Face this fact: blogs are meant for people to reveal their deep mysterious, often exaggerated but undoubtedly holds a glimpse of truth of their sad side. or what many would call emo-ing stage. can we help it that this is the fate of blogs? No. So I apologise before hand if you think that I am once again misusing the internet as a source of venting out my pent-out frustration/exasperation/disappointment.
I suppose it is not a very timely time to post an entry, havent' just received my promos results. You know that you're in a dilemma when your results are neither way too good for you to be rejoicing over, or neither are they too lousy for you to be given the liberty to complain and look upset without others pointing out to you gently that there are people worse off. If you don't get the whole chunk of stuff that i've typed out, you're just joining the side of the red ink GP marker who has flooded my paper with lots of brilliant red slashes(for those who don't know what i'm talking about, it's alright. i'm just feeling sore over GP).
With the overcast skies flooded with grey clouds overwhelmed with heaven's tears, crying for you while you sit amidst the crowd trying your best to hide your bottled up tears. A melancholic tune lingers in the air, it seizes your breathe, you stay silent, and so do others, words don't seem to work when you need them best, no one offers it anyway. It's a gloomy day, everyone relishes it in their own way.

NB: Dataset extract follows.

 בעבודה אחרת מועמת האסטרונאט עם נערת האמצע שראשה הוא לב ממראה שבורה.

I suppose we can learn a lot from exams, not just the very knowledge that we are being examined, but also important yet fundamental principles in life - never take things for granted (being overly confident in a subject would get you no where but all the way down), never envy others (whoever said 99% perspiration and 1% inspiration; sometimes, it's unfair but it can be the opposite) and something else that struck rather indirectly. Actually, it was pointed out by one of my friends, i'm absolutely not making any personal attacks here, it's just something that only becomes apparent when we enter our own fair share of adversity.
A friend in need is a friend indeed. I like to add that friends are there when they need you. What does this mean? Who can we tell who are our true friends? If they are not even there for us to tell our problems, share our burdens, cry on their shoulder, do we still call them friend?In any relationship, friendship included, people argue that there shouldn't be any clearcut giving and taking, it's a matter of compromise, but how far am I suppose to give in, or rather give out myself, before I can find someone who will know that I need the person? or for that matter, maybe friends are like what I've said, only look for you and when you offer them what you have been seeking for, then the friendship is called as such. I used to think it was unreasonable to expect people to guess what I am thinking, what I might like. Until I found that it was all to hard.

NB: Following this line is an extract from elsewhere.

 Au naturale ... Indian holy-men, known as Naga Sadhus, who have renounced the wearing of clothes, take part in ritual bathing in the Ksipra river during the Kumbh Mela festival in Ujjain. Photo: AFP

I don't believe anyone can live the life of a saint, giving all the time, without wanting deep down to see it reciprocrated. It's not an expectation or obligation attached to being first a friend to someone, but simply, a normal human need. Maybe it had happened once in the past. The fact that your interest seemed to be slighted, you friend rambling on. It didn't quite matter. You didn't have any problems that were of top priority back then. Then again it happens. Well, friends what, don't be so petty. But then loneliness can be a really scary monster. It knocks you at your lowest point, when you are already on the cliff of sadness, hoping for someone to just open up the door in your heart, to just spend some time listening to you. i wonder how many people are going through this right now? How many are silently fiddling around on their keyboards, or piano keys, wishing wishing wishing for a shooting star to enter their life, and brighten up just a few moments, enough to show that a friend would indeed be there when in need?

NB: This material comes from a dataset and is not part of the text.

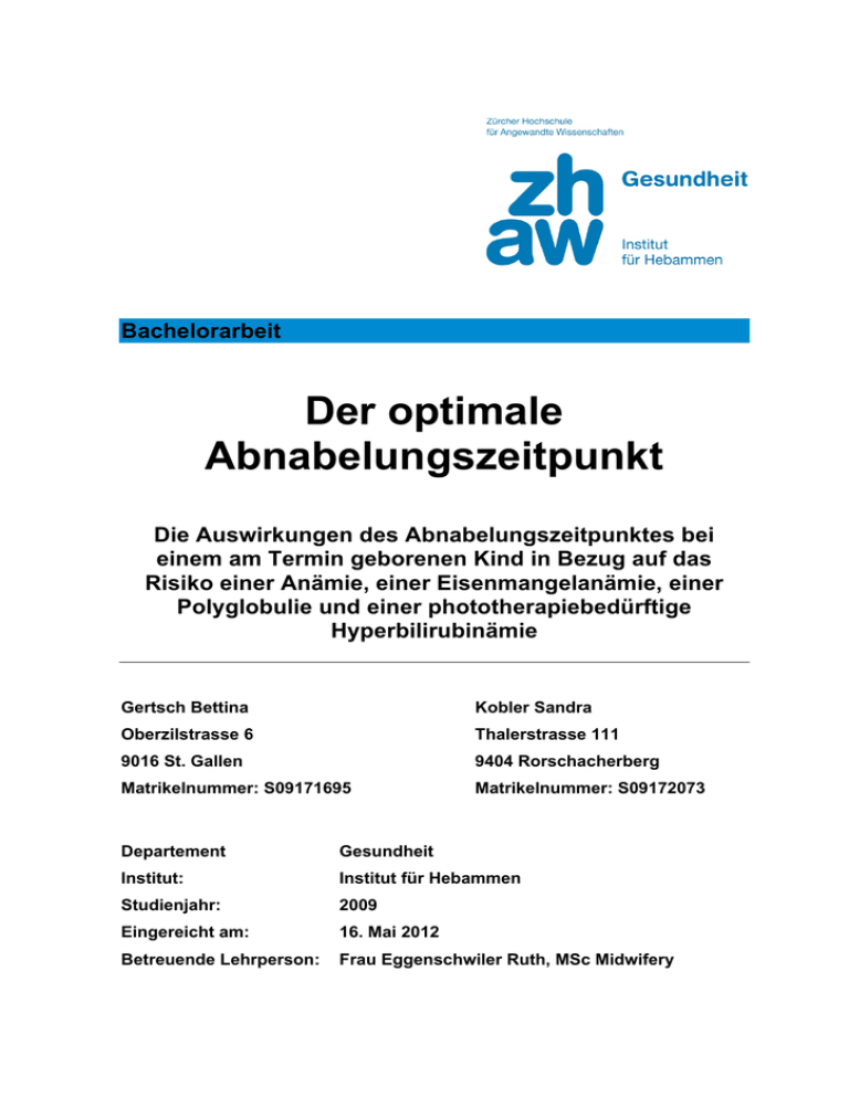 Bachelorarbeit Der optimale Abnabelungszeitpunkt Die Auswirkungen des Abnabelungszeitpunktes bei einem am Termin geborenen Kind in Bezug auf das Risiko einer Anämie, einer Eisenmangelanämie, einer Polyglobulie und einer phototherapiebedürftige Hyperbilirubinämie Gertsch Bettina Kobler Sandra Oberzilstrasse 6 Thalerstrasse 111 9016 St. Gallen 9404 Rorschacherberg Matrikelnummer: S09171695 Matrikelnummer: S09172073 Departement Gesundheit Institut: Institut für Hebammen Studienjahr: 2009 Eingereicht am: 16. Mai 2012 Betreuende Lehrperson: Frau Eggenschwiler Ruth, MSc Midwifery Bachelorarbeit 2011/ 2012 Gertsch Bettina – Kobler Sandra Inhaltsverzeichnis Abstract.................................................................................................................. 5 1. Die Auswirkungen des Abnabelungszeitpunktes bei einem am Termin geborenen Kind in Bezug auf das Risiko einer Anämie, einer Eisenmangelanämie, einer Polyglobulie und einer phototherapiebedürftige Hyperbilirubinämie................................................................................................ 6 1.1 Begründung der gewählten Thematik ............................................................... 6 1.2 Problemstellung................................................................................................. 6 1.3 Themeneingrenzung ......................................................................................... 7 1.4 Zielsetzung und Relevanz für die Praxis ........................................................... 8 1.5 Fragestellung zum Zeitpunkt der Abnabelung................................................... 9 2. Methodisches Vorgehen................................................................................. 10 2.1 Ein- und Ausschlusskriterien ........................................................................... 10 2.2 Datensammlung .............................................................................................. 11 2.3 Begründung der Auswahl der Studien............................................................. 12 2.4 Vergleich der Studien untereinander............................................................... 13 3. Theoretischer Hintergrund ............................................................................. 15 3.1 Die verschiedenen Abnabelungszeitpunkte und aktuelle Empfehlungen aus der Grundlagenliteratur ......................................................................................... 15 3.2 Praktisches Vorgehen bei der Abnabelung eines Neugeborenen................... 16 3.3 Die Umstellung des fetalen Herzkreislaufs...................................................... 18 3.4 Blutvolumen und Atmung ................................................................................ 22 3.5 Blutzusammensetzung .................................................................................... 22 3.5.1 Hämoglobin............................................................................................ 23 3.5.2 Hämatokrit.............................................................................................. 23 3.6 Anämie ............................................................................................................ 23 3.6.1 Hypochrome mikrozytäre Anämien........................................................ 24 3.6.2 Hyperchrome makrozytäre Anämien ...................................................... 24 3.6.3 Normochrome normozytäre Anämien..................................................... 25 3.7 Eisenmangelanämie........................................................................................ 26 Seite 2 von 95 Bachelorarbeit 2011/ 2012 Gertsch Bettina – Kobler Sandra 3.8 Polyglobulie ..................................................................................................... 27 3.9 Erythrozytenabbau .......................................................................................... 28 3.9.1 Hyperbilirubinämie .................................................................................. 29 3.9.2 Phototherapie......................................................................................... 32 4. Qualitätsbeurteilung und Ergebnisse der verwendeten Studien................ 33 4.1 Effect of delayed versus early umbilical cord clamping on neonatal outcomes and iron status at 4 months: a randomised controlled trial (Andersoon et al., 2011) .............................................................................................................................. 33 4.1.1 Qualität der Studie von Andersoon et al. (2011).................................... 34 4.1.2 Ergebnisse der Studie Andersoon et al. (2011)...................................... 35 4.2 Timing of umbilical cord clamping and neonatal haematological status (Jaleel et al., 2009) ........................................................................................................... 36 4.2.1 Qualität der Studie von Jaleel et al. (2009)............................................ 37 4.2.2 Ergebnisse der Studie Jaleel et al. (2009) ............................................. 38 4.3 Effect of Timing of Umbilical Cord Clamp on Newborns’ Iron Status and its Relation to Delivery Type (Shirvani et al., 2010) ................................................... 38 4.3.1 Qualität der Studie von Shirvani et al. (2010) ........................................ 39 4.3.2 Ergebnisse der Studie Shirvani et al. (2010) ......................................... 40 4.4 Effect of timing of umbilical cord clamping of term infats on maternal and neonatal outcomes (McDonald & Middleton, 2009) .............................................. 41 4.4.1 Qualität des Reviews von McDonald & Middleton (2009)...................... 42 4.4.2 Ergebnisse des Reviews McDonald & Middleton (2009) ....................... 43 4.5 Late vs early clamping of the umbilical cord in full-term neonates (Hutton & Hassan, 2007) .....

Perhaps the most amazing thing about writing, is that you can pour our everything, and after a while, it doesn't feel that bad after all. You are merely making a mountain out of a molehill, being overly sensitive, indulging in your own fanciful self-pity. And thus the bitter feeling of being slighted/neglected saps away. We can have lots of friends, they can laugh a whole lot with you, have the craziest times, but the distinction between friend and good friend and best friend and boyfriend, is really how much the person understands you, without you having to say a single word. Girls la, so troublesome, make things difficult for their loved ones. Well, I can't help being a girl, can I?
But it doesn't matter, because just when you feel that everything seems so bleak, tell yourself. You only have 24 hours in a day, and one face. You can choose to wear a sad mask, or you can choose to hide behind a happy mask, but after hiding behind the happy one for a while, you'll let it become part of your face, and the sadness will naturally disappear. And if all other things fail you, know that God will always be there, and I suppose we must just hold on to the truth, his Word saying that in all things, He has great plans for us, and he's a friend to the lonely, a stronghold, a shelter in our time of need.
You don't just fail your own expectations during exams, you might also realise that friends do so too.